What you will do> Transcribe, leaving out every picture, the lines that run from the start of the listing below through the line with "[서울=뉴시스] 조성봉 기자= 27일".

Dataset excerpt>

*** Begin section ***

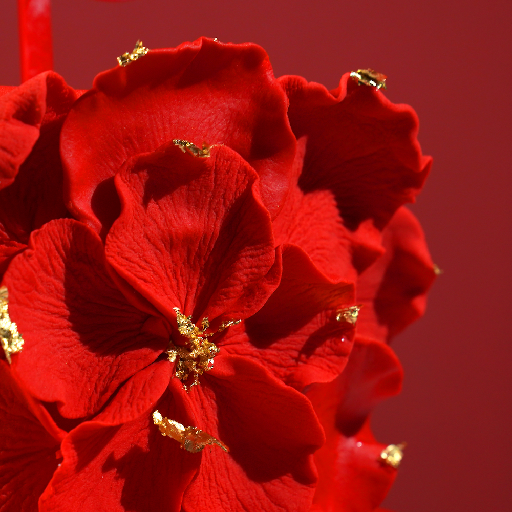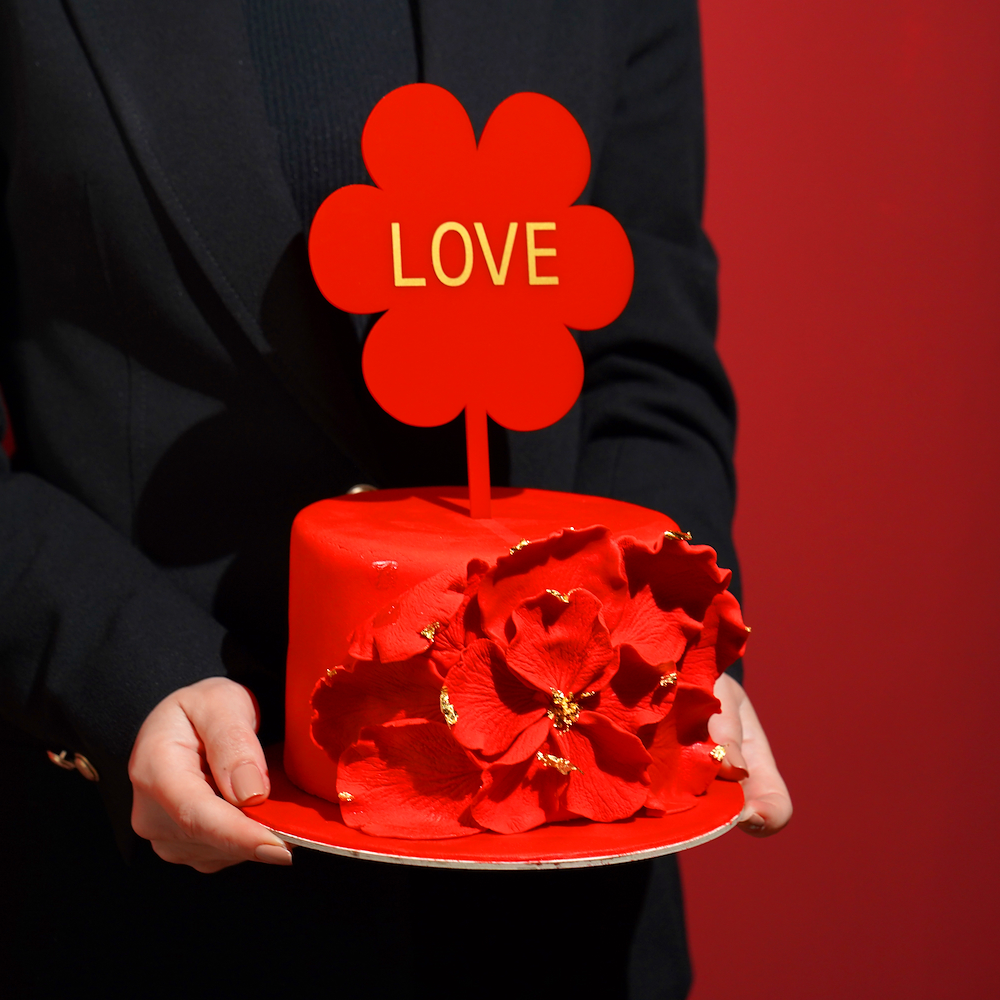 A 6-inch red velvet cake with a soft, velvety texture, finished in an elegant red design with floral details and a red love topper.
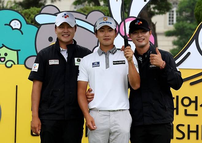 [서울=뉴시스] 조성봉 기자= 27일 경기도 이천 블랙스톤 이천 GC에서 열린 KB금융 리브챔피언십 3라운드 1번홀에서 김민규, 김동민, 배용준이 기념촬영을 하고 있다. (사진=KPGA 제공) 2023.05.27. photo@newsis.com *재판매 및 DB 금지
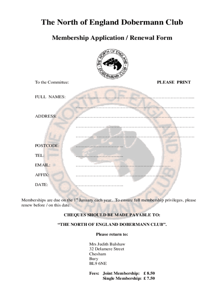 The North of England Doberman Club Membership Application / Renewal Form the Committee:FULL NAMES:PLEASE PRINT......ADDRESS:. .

*** End section ***

Answer for this exercise>
 A 6-inch red velvet cake with a soft, velvety texture, finished in an elegant red design with floral details and a red love topper.
 [서울=뉴시스] 조성봉 기자= 27일 경기도 이천 블랙스톤 이천 GC에서 열린 KB금융 리브챔피언십 3라운드 1번홀에서 김민규, 김동민, 배용준이 기념촬영을 하고 있다. (사진=KPGA 제공) 2023.05.27. photo@newsis.com *재판매 및 DB 금지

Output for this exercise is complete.